On Wed, Apr 14, 2010 at 1:41 AM, Kurt Van Dijck <[email protected]> wrote:
> On Wed, Apr 14, 2010 at 12:30:34AM +0400, Nikita Egorov wrote:
>>
>> > Yes, I see your point. I also checked out DirectFB and was quite surprised 
>> > what a beast it has become. Transparen rotatabe windows? How can that be 
>> > any smaller or faster than X11?
>>
>> Actually the things are not so bad. The chief purpose of DirectFB is
>> support of hardware possibilities. Of course, the software fallbacks
>> will do such conversion with quite slow speed.
>> But when I tried to blit a picture with transparency and rotation
>> using dfb hardware driver (e.g. on embedded system via OpenGL ES) I
>> had only small delay against the simple blitting.

> It's not my intention to start discussing TinyX vs. dfb, I'm just
> interested and know not that much of dfb.
> * Does dfb make use of hardware acceleration in userspace, or kernel
> framebuffer drivers?

DirectFB doesn't use the acceleration possibilities of fbdev.
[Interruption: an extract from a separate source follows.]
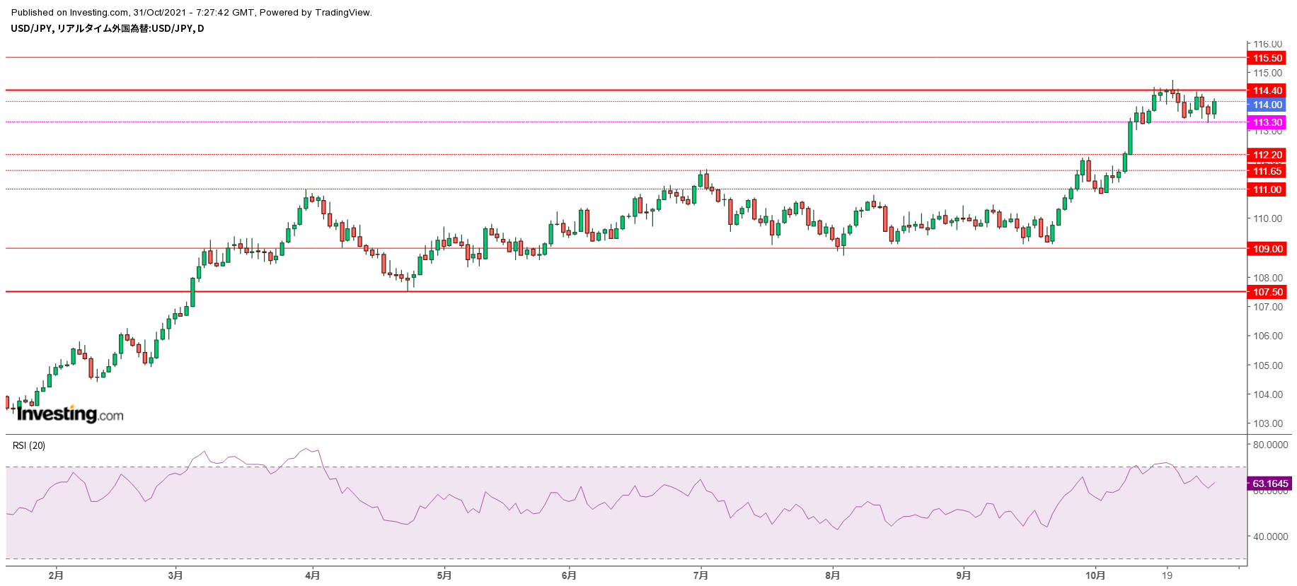 - 114.40、114.70(年初来高値)を超えられるかが注目

It use
its own gfx driver which is one of dynamic modules of the library. Any
user can create his own graphics driver to accelerate standard
operations. Of course, if he have enough information about the
particular hardware.
If dfb doesn't have proper gfx driver it will draw through embedded
software fallbacks. The fallbacks can use 35 different formats of
pixels and work not slower than any other library.
But DirectFB has only basic functions - lines, triangles, rectangles
and blitting. In my port I had to implement all the rest necessary
operations.

> * is 'OpenGL ES' some kind of third party software in your system?

OpenGL ES is a subset of OpenGL. OpenGL ES is used on many embedded
platforms. Such as Freescale mpc5121, TI OMAP3530, and so on.
I have used OpenGL ES interface to accelerate gfx functions of DirectFB.